Can a woman make a great Kenyan President?

By John Brian Oyaro


One of the most broadly deliberated topics in Kenya since the enactment of the New Constitution has been the implementation of the two-third gender rule.

This law meant that we would have more competent women in the Public Service and that we were willing to create room for our Knowledgeable and qualified sisters, mothers and wives to drive the country’s transformative economic agenda.

The two-third gender rule has experienced an interesting fate, from an optimistic venture to a lawful act and now a dream that we all hope will come true one day. But why? What makes it hard for us to implement a law that we agreed upon unanimously, a law that was enforced by the High court, only to find a near death experience?

It’s this stalemate, that makes me believe that a woman can make a great Kenyan President. My bet is that when she wins the election, we might be forced “for once” to forget our ethnic prejudice, and celebrate or just marvel at a milestone we would have achieved as a country.

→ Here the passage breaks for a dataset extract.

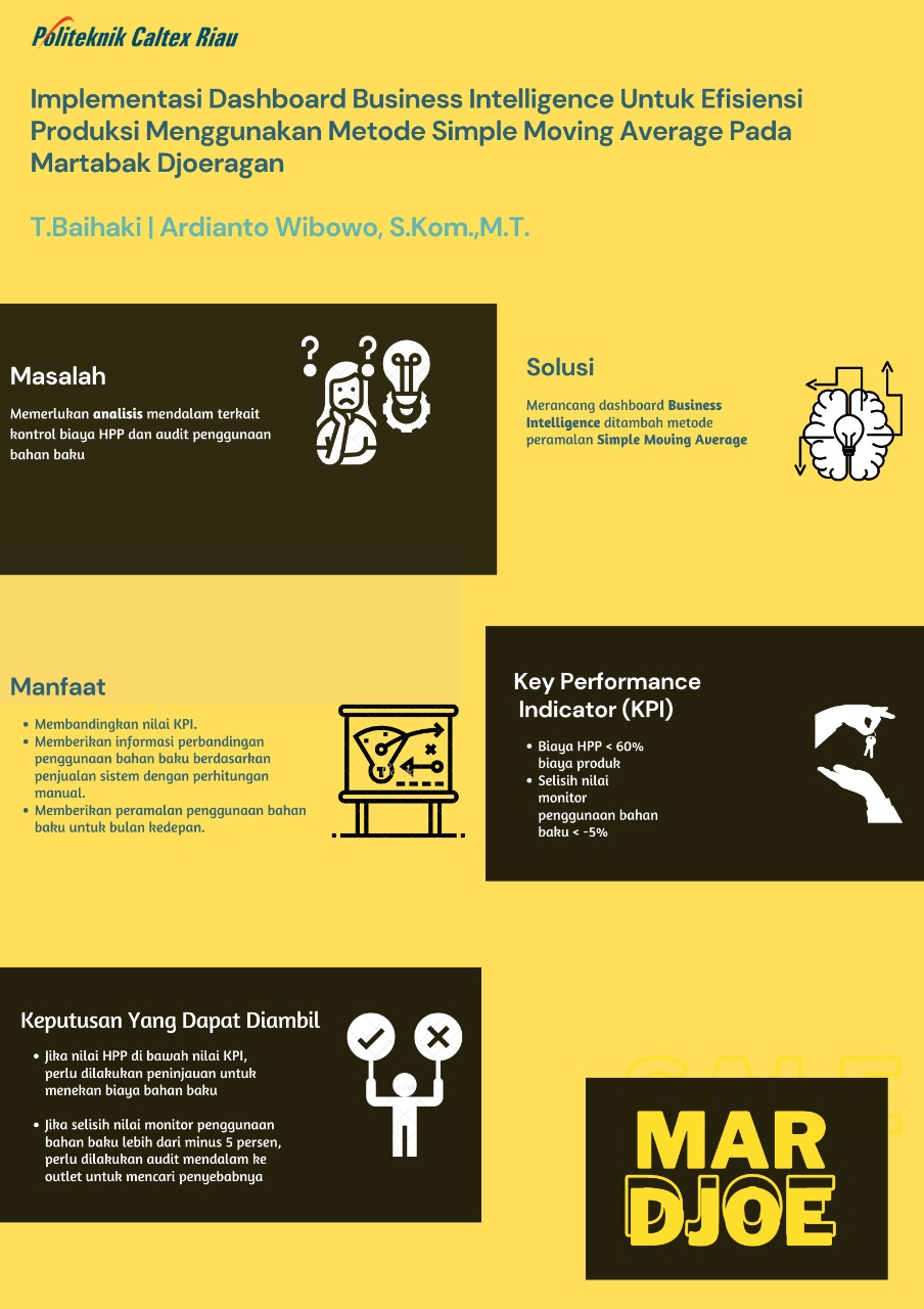 Martabak Djoeragan merupakan suatu usaha mikro kecil menengah (UMKM) yang bergerak pada bisnis kuliner. Dalam operasionalnya manajemen telah menggunakan teknologi informasi seperti penggunaan sistem point of sales (POS). Untuk menganalisis data yang tidak bisa dilakukan melalui sistem POS, maka manajemen menggunakan Microsoft Excel sebagai alternatif. Namun terdapat permasalahan yang belum dengan efektif terjawabkan yaitu terkait monitoring penggunaan bahan baku dalam produksi martabak. Sering kali terjadi perbedaan angka aktual dilapangan dengan angka yang ada di sistem. Perbedaan angka cukup berpengaruh terhadap target yang ingin dicapai manajemen. Penelitian ini bertujuan untuk menganalisis data bahan baku, data penjualan, dan data produksi menggunakan metode Business Intelligence (BI). BI sendiri adalah sekumpulan teknik dan alat untuk mentransformasikan dari data mentah menjadi informasi yang berguna dan bermakna untuk tujuan bisnis. Pada implementasinya dengan bantuan metode BI manajemen bisa mendapatkan laporan terkait efisiensi produksi berdasarkan penggunaan bahan baku dan biaya yang telah digunakan dalam produksi. Selain adanya analisis BI, pada penelitian ini juga menerapkan metode peramalan untuk memprediksi penggunaan bahan baku kedepannya menggunakan metode simple moving average dengan melihat pergerakan data selama tiga bulan terakhir. Sehingga dengan diimplementasikannya sistem ini telah membantu manajemen dalam mengambil keputusan bisnis terkait operasional maupun strategis untuk keperluan produksi.

When she names her cabinet, she will ensure that men have an equal opportunity as women, or else the men will be forced to remind her that they deserve an equal chance too. She would have to tread carefully in her cabinet choices, and get past awarding her campaign team but rather make the hard choice of choosing competence over convenience.

In the Youth and Gender Ministerial docket, there will be a man in charge, because, “you know men have issues”, they feel there power is being threatened and they need to have their “voice heard”. She will ensure that initiatives and campaigns surrounding the “boychild” are attended to promptly.

Her words and actions will be weighed in more aggressively by political analysts, because she will have to measure up to her previous male counterparts who occupied the position.

The media might be forced to focus on her character as a person and less on her ethnic political base, because her very presence will be edifying.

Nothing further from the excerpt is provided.